What Are Inverted Index and Boolean Retrieval?
Aug 23, 2024
3 minutes, 550 Words
After being a search produt manager for a period of time, I frequently heard technical terms such as inverted index and boolean retrieval. Out of curiosity, I went to thoroughly learn about them.
Jumping out of the search engine, the so-called index is use a keyword to search and match from the beginning of the document until the corresponding query word is found. This method is logically simple, essentially brute-force disassembly, or exhaustive. However, it brings disadvantages. If the text is sufficient and long enough, then the idexing time will be very long and the efficiency is not high. But searching is a scene where the need is met in real time, and if the speed is too slow, the ueser experience will deteriorate.
And the inverted idex is like looking up a dictionary. First, find the corresponding word according to the first letter, and then turn to the corresponding page for fine-grained query. The reason why this can be done is that the directory of the dictionary has been classified according to the first letter. For example, if you want to query ‘Apple’, then you will go to the classifcation starting with ‘A’ to find ‘Apple’.
In a search engine, each result (i.e., document) will be cut into multiple words (i.e., word segmentation), and the words cut out from different documents will most likely repeated, so earch segmented word will be assoicated with multiple documents. One segmented word can estabilsh a connection with multiple documents, and this process is indexing. Returning to the above example, in the documents that contain ‘Apple’ afer word segmentation, an index established by ‘Apple’ will be formed, just like the directory in a dictionary. When a user searches for ‘Apple’, all the documents with ‘Apple’ will be quickly found.
But when a user searches for ‘Apple Store’, in theory, only the text containing ‘Apple Store’ should be retrieved. In the above example, ‘Apple is …’ and ‘Apple has …’ should not be retrieved. How to achieve such a matching mechanism? The answer is boolean retrieval.

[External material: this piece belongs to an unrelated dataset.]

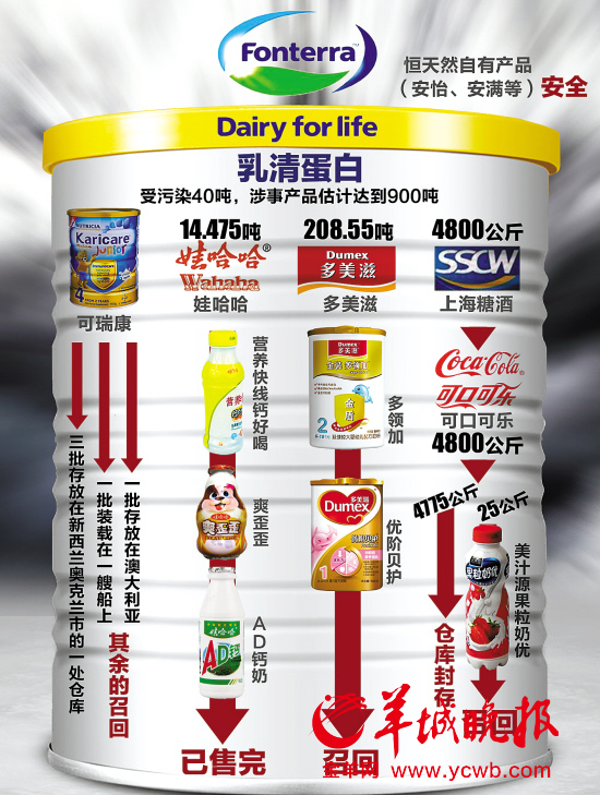 史毕根斯说,公司共有3个批次38吨多的浓缩乳清蛋白粉受到污染,其中21吨被销售给了3家饮料公司和3家动物饲料公司,还有18吨被恒天然用于生产半成品基粉后销售给乳制品生产商。这些企业涉及可口可乐、娃哈哈、纽迪西亚、达能集团的多美滋等企业。

There are three important judgment logics in boolean retrieval, which are AND (intersection), OR (union), and NOT (difference). After the user enters keywords, they will be split into multiple word segments, and these three logics will be used for matching and retrieval between multiple word segments, and only the results that meet the conditions will be retrieved. Then continue to use the above example to explain. When a user searches for ‘Apple Store’, this query will be cut into two words, ‘Apple’ and ‘Store’. ‘Apple’ can be retrieve the text ‘Apple is …’, ‘Apple Store …’, and ‘Apple has …’. ‘Store’ can retrieve ‘Apple Store …’. We assume that complete inclusion is required here, then the boolean operation that needs to be performed in AND, and the intersection of the retrievable texts of ‘Apple’ and ‘Store’ is taken, and finally ‘Apple Store …’ is retrieved.
So are OR or NOT useless? Of course not. For example, if you want to expand the retrieval, then in the above case, OR operation can be performed to retrieve all the texts. However, the relevance between the text and query will also become worse. Of course, this is just for easy understanding, and it may not be used like this in actual business.